La direction artistique donne au jeu des allures de tableau.
C'est d'ailleurs là que le bât blesse : dans Diablo III, votre héros est un véritable morceau de pâte à modeler. Ce troisième volet ne vous propose plus de "construire" un personnage à proprement parler. Vous n'avez plus à upgrader ses caractéristiques, qui augmentent toutes seules au fil des niveaux, ni à sélectionner ses compétences sur des arbres dédiés, puisque vous débloquez automatiquement toutes celles qui sont réservées à sa classe. Vous devez par contre opérer quelques choix, car vous ne disposez que de six slots réservés aux compétences actives (les deux boutons de votre souris et quatre touches de raccourci). Mais ceux-ci ne sont en rien définitifs : vous pouvez revenir dessus à tout moment. Même constat concernant les compétences passives et le système de runes. Ce dernier est en soi intéressant, puisqu'il permet de nuancer l'effet de vos différents pouvoirs en augmentant leurs dégâts, en réduisant leur cooldown, etc. Mais dans les faits, il souffre d'un assistanat prononcé vu que chaque rune se débloque à un niveau donné, ne peut améliorer qu'une compétence déterminée, et peut être associée/désassociée librement. Bref, le jeu regorge d'options de personnalisation autorisant un nombre incalculable de builds possibles, mais vous n'avez plus aucune chance de vous "tromper" dans la mesure où vous n'êtes soumis à aucun choix déterminant. C'était l'objectif de Blizzard, qui qualifie volontiers Diablo III de "jeu d'aventure/action" sur son site officiel. Notez bien qu'outre les PNJ qui vous accompagnent parfois au gré de vos quêtes, vous pouvez être assisté d'un compagnon permanent, à choisir entre le templier, le brigand et l'enchanteresse.
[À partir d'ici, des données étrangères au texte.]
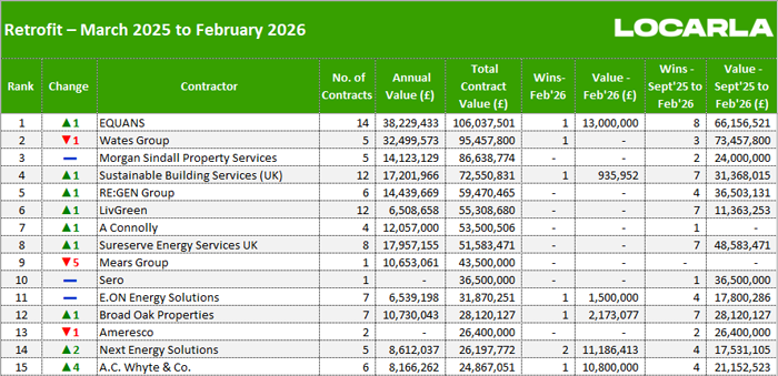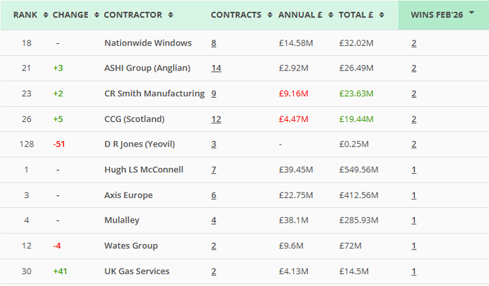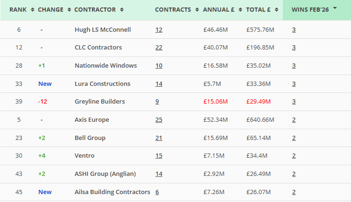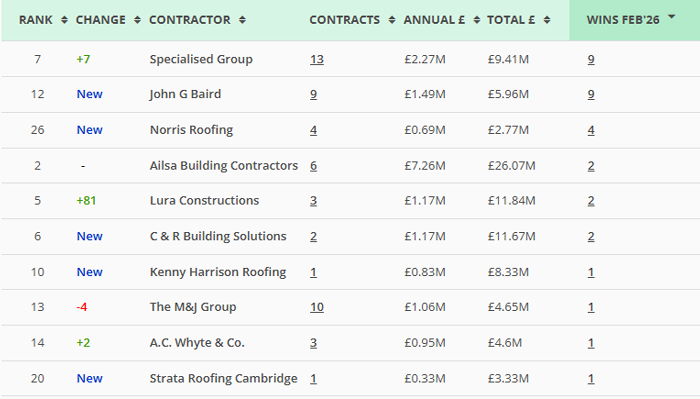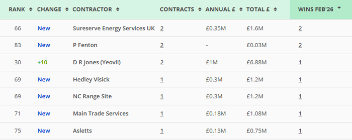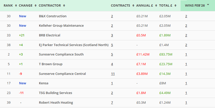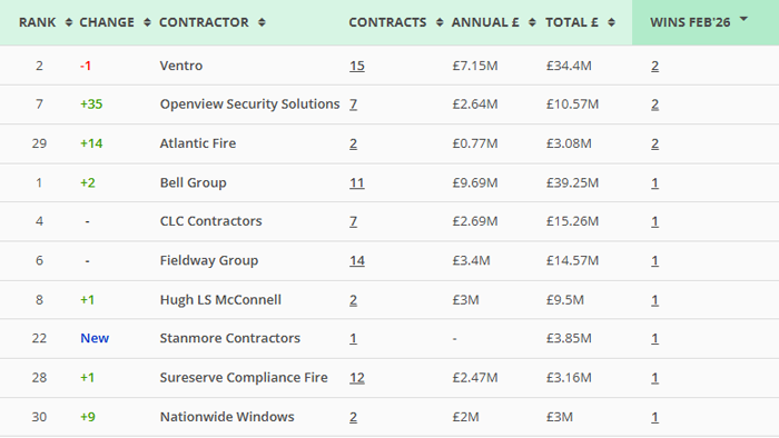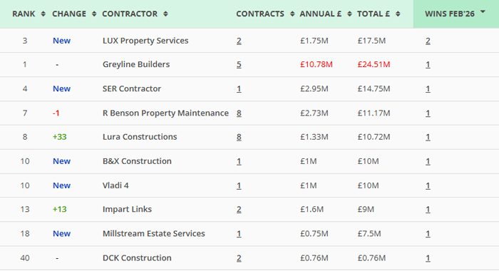 Along with our main monthly league tables, ❲see below❳, we also produce tables based on the following trades: Retrofit, Asbestos Survey, Fire Risk Assessment, Water/Legionella & Stock Condition Survey. ❲RMI Insight & Decarbonisation clients, click here for the PDF

Bien que, là encore, la sélection possible de leurs compétences n'ait rien de définitif (un simple clic permet de tout remettre à zéro), on apprécie de pouvoir profiter de cette association pour combler ses propres faiblesses : le templier peut, par exemple, être orienté tank ou healer.
Et l'interface, très classe, n'est vraiment pas en reste.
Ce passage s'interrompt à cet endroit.